Beware that the size of the SAT problem is exponential in the number of acceptance sets.

The case of =ltl2tgba= is slightly different because it can remember
the number of acceptance sets used by the translation algorithm, and
reuse that for SAT-minimization even if the automaton had to be
degeneralized in the meantime for the purpose of determinization.

* Low-level details

The following figure gives an overview of the processing chains that
can be used to turn an LTL formula into a minimal DBA/DTBA/DTGBA.  The
blue area at the top describes =ltl2tgba -D -x sat-minimize=, while
the purple area at the bottom corresponds to =dstar2tgba -D -x
stat-minimize=.

[[file:satmin.png]]

The picture is slightly inaccurate in the sense that both =ltl2tgba=
and =dstar2tgba= are actually using the same post-processing chain:
only the initial translation to TGBA or conversion to DBA differs, the
rest is the same.  However in the case of =dstar2tgba=, no
degeneration or determinization are needed.

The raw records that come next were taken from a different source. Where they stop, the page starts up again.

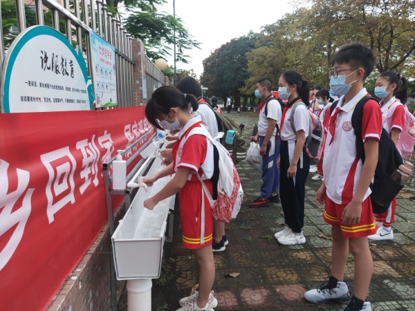 開學當天,根據(jù)學校統(tǒng)一安排,四至六年級學生分批錯時入校。學校全體教職工上午7:00前全部到崗到位,校門口復學準備工作一切就緒。學生入校的過程井然有序,校門未出現(xiàn)交通擁堵現(xiàn)象。8點左右,孩子們陸續(xù)進入校門,戴著口罩也難掩內心的激動和喜悅。進入通道后,學生在值班老師的指引下,間隔1米列隊,依次有序通過入校前洗手、消毒、體溫監(jiān)測等一系列步驟后,體溫正常,方可入校。在現(xiàn)場,交通警察和公安維持入校秩序,通力合作做好復學返校工作。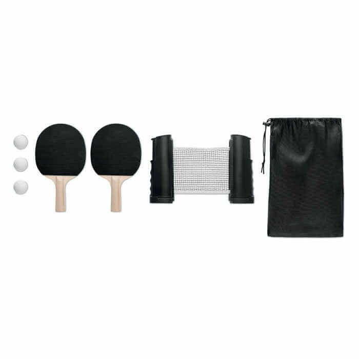 Súprava na stolný tenis s rolovacou sieťkou. Nudíte sa počas pracovnej prestávky? Premeňte svoj pracovný stôl v kancelárii alebo jedálenský stôl doma na súťažnú arénu stolného tenisu. Súprava obsahuje tri loptičky, dve pálky a jednu výsuvnú sieťku. Všetko je dodávané v RPET púzdre. Maximálna dĺžka siete 175 cm bez držiaka.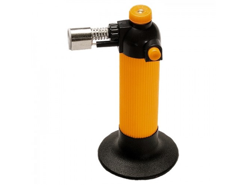Подача газа регулируется вращением ручки. Удобна в эксплуатации, оснащена пъезоподжигом. Предназначена для пайки, нагрева деталей, розжига костров и т. д.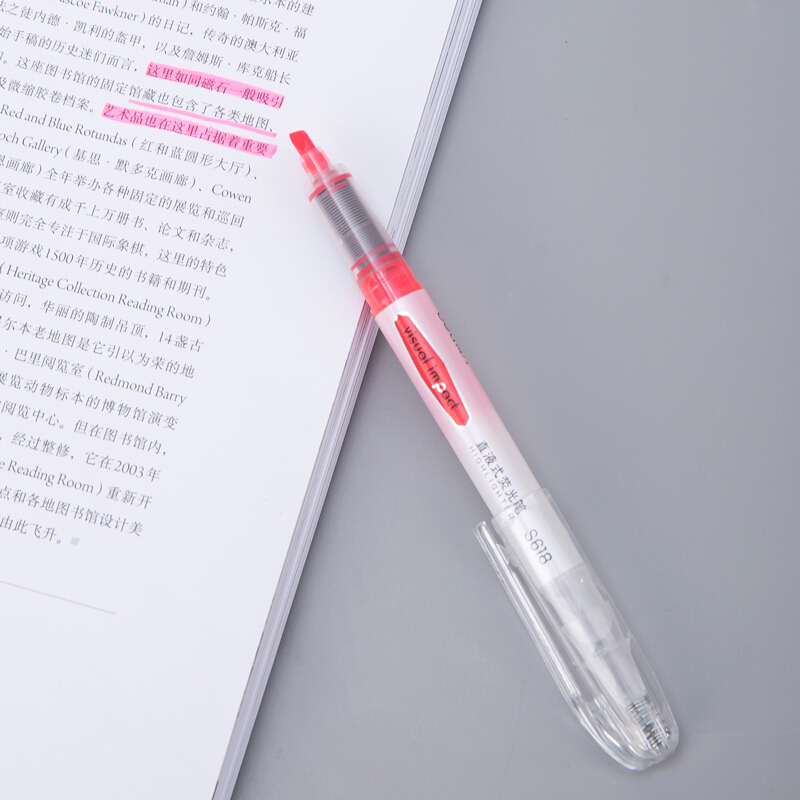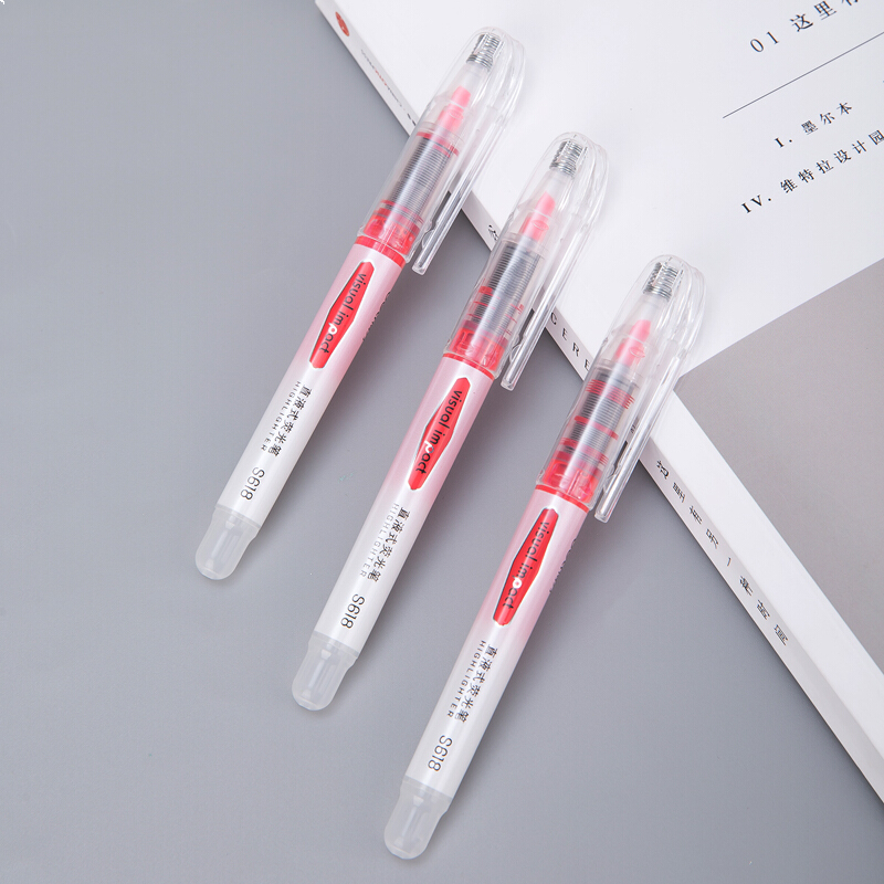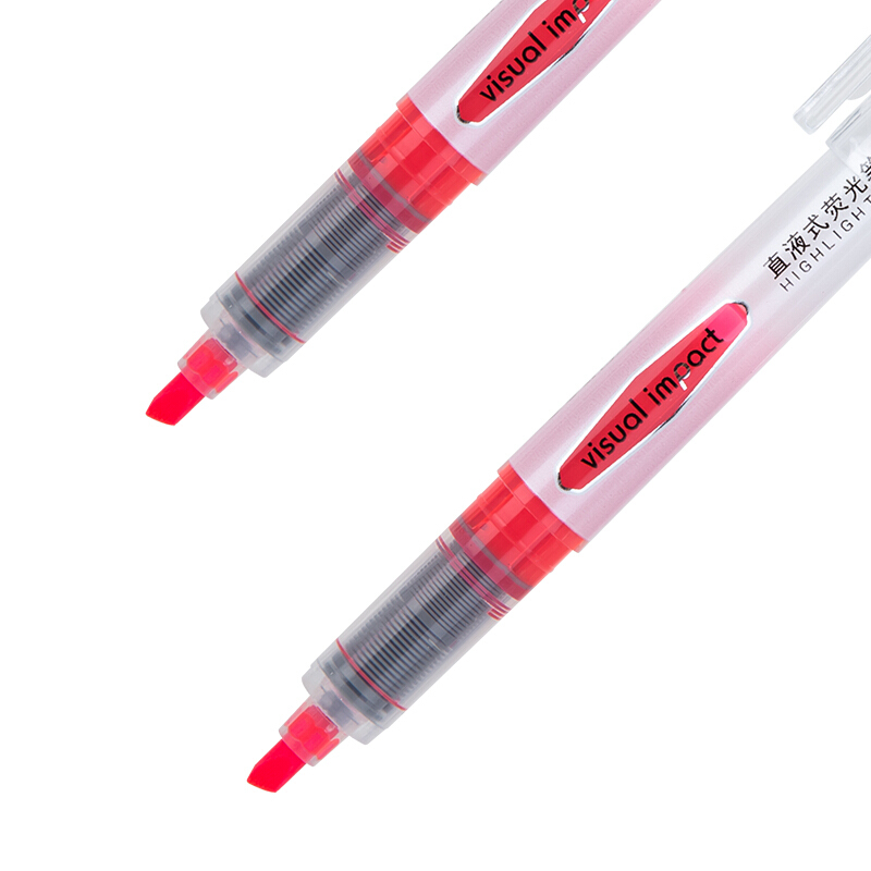 得力S618 红色 直液荧光笔 重点标记 手帐可用水性记号笔 大包装 36支装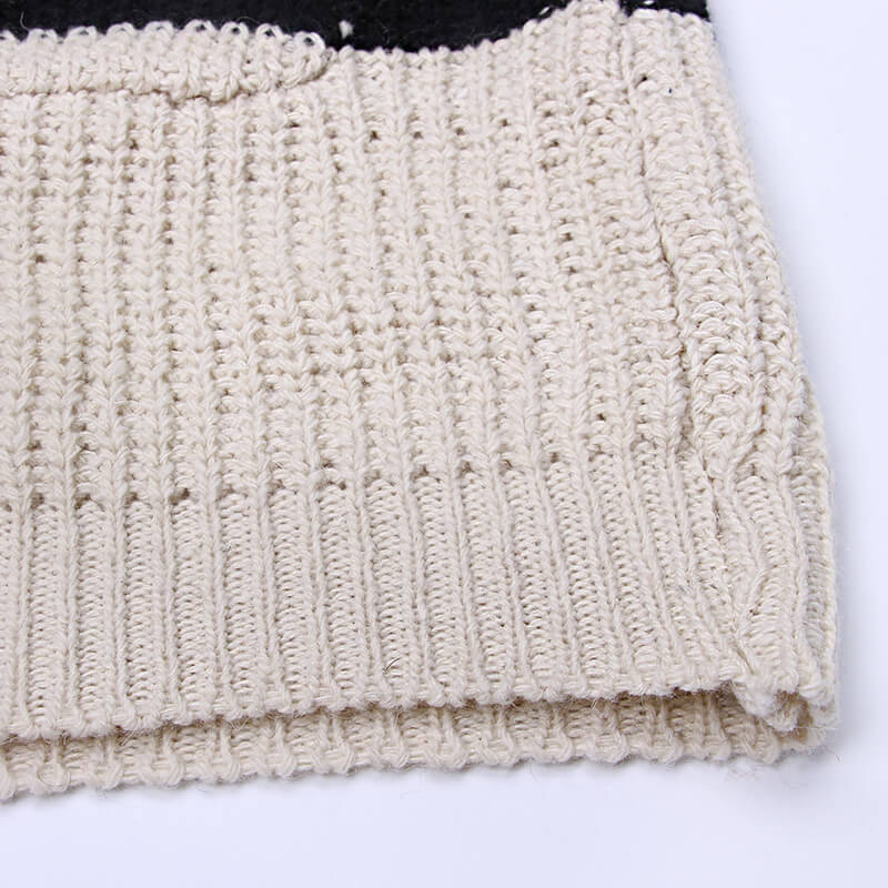 Suéter amazónico para mujer, otoño e invierno, nuevo suéter de punto largo con contraste de color, cárdigan con costuras europeas y americanas, abrigo para mujer

Also the picture does not show what happens when =-B= is used: any
DTBA is degeneralized into a DBA, before being sent to "DTBA SAT
minimization", with a special option to request state-based output.

The WDBA-minimization boxes are able to produce minimal Weak DBA from
any TGBA representing an obligation property.  In that case using
transition-based or generalized acceptance will not allow further
reduction.  This minimal WDBA is always used when =-D= is given
(otherwise, for the default =--small= option, the minimal WDBA is only
used if it is smaller than the nondeterministic automaton it has been
built from).

The "simplify" boxes are actually simulation-based reductions, and
SCC-based simplifications.

The red boxes "not in TCONG" or "not a recurrence" correspond to
situations where the tools will produce non-deterministic automata.

The following options can be used to fine-tune this procedure:

- =-x tba-det= :: attempt a powerset construction and check if
                  there exists a acceptance set such that the
                  resulting DTBA is equivalent to the input
- =-x sat-minimize= :: enable SAT-based minimization.  By default it
     tries to reduce the size of the automaton one state at a time.
     This option implies =-x tba-det=.
- =-x sat-minimize=2= :: enabled SAT-based minimization, but perform a
     dichotomy to locate the correct automaton size.  Use this only if
     you suspect that the optimal size is far away from the input
     size.  This option implies =-x tba-det=.
- =-x sat-acc=$m$= :: attempt to build a minimal DTGBA with $m$ acceptance sets.
     This options implies =-x sat-minimize=.
- =-x sat-states=$n$= :: attempt to build an equivalent DTGBA with $n$
     states.  This also implies =-x sat-minimize= but won't perform
     any loop to lower the number of states.  Note that $n$ should be
     the number of states in a complete automaton, while =ltl2tgba=
     and =dstar2tgba= both remove sink states in their output by
     default (use option =--complete= to output a complete automaton).
     Also note that even with the =--complete= option, the output
     automaton may have appear to have less states because the other
     are unreachable.
- =-x state-based= :: for all outgoing transition of each state
     to belong to the same acceptance sets.
- =-x !wdba-minimize= :: disable WDBA minimization.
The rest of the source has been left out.